By: Audrey Huck
Here we were again; another day of seemingly constant battles. Feeling desperate, I glance at the clock. 9:00 am. Only nine in the morning and already we’ve had three knock out battles. Only nine in the morning and I’ve already begun crying, dreading another day of seemingly constant tantrums and battles of wills. Only nine in the morning and my regular mantra of “Lord, help!” has escaped my lips more times than I can count.
When I first became a parent, I naively felt like I had things pretty much under control. After all, as one of nine children and having spent years of babysitting, nannying, and finally educating children I had received a wellspring of hands on experience in the duties of caring for, teaching, and disciplining children. Motherhood felt like a natural fit as I saw the fruition of my greatest dreams come true. In fact, as my husband and I prepared to leave the hospital with our newborn daughter the nurse commented that we were two of the most comfortable first time parents she had ever seen.
And even though there were struggles during that first 18 months, most especially with juggling the challenges of motherhood while working full time, that confidence largely continued. My daughter was an easy baby. She was rarely fussy, began conversing with us early on, and actually asked to be put to sleep when she was ready for nap-time or bedtime. I don’t mean to imply that she was/is perfect, but I understood how to guide and discipline her, rarely feeling I was “in over my head.”

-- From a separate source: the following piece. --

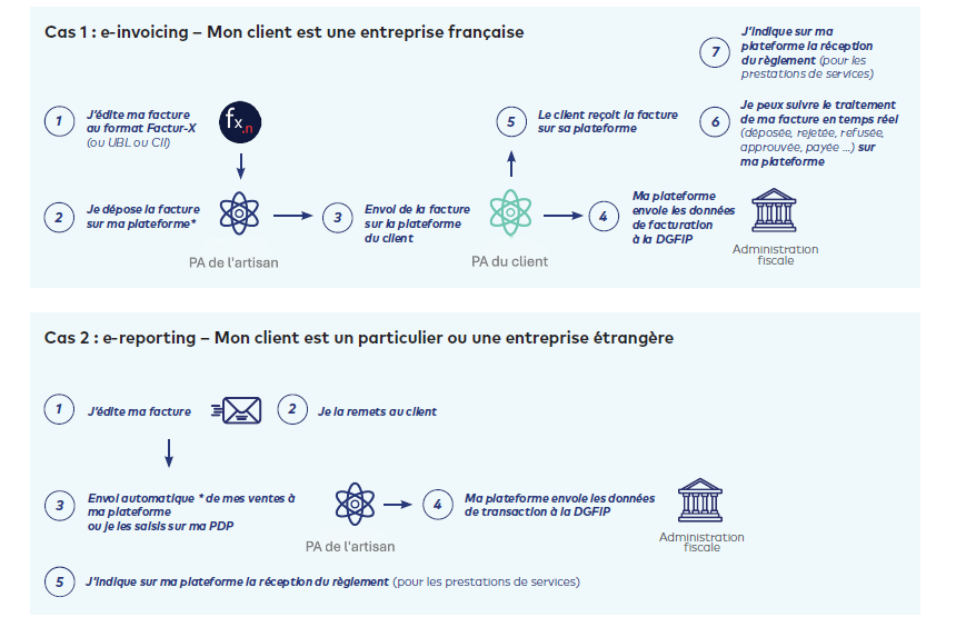 Obligation pour toutes les entreprises, y compris TPE et micro-entrepreneurs, d’émettre leurs factures électroniques (B2B en France) et de déclarer leurs ventes à des particuliers et à l’étranger via le e-reporting.

And then 18 months and a few weeks later we were blessed with our precious son. Each child is completely unique and it became apparent early on that he would be radically different from his sister. Almost instantly our little man showed signs of his great determination. He could break out of a swaddle (no matter how tight) by the time he was three weeks old; he rolled over for the first time at 2 months, and was walking at 9 1/2 months old. He remains a bundle of passion and energy, wholeheartedly entering into every emotion he feels and occupation he undertakes. This means he can be the greatest of lovers, the most delightful bundle of giggles and fun, or (more frequently then not) an unmovable force of anger and frustration when things don’t go his way. His little body is literally overcome by his emotions, having to be expressed outwardly in some way what he feels inside. When he’s happy, he is continuously hugging and kissing you, and when he is angry or frustrated he has to strike out at someone or something—even if it’s himself.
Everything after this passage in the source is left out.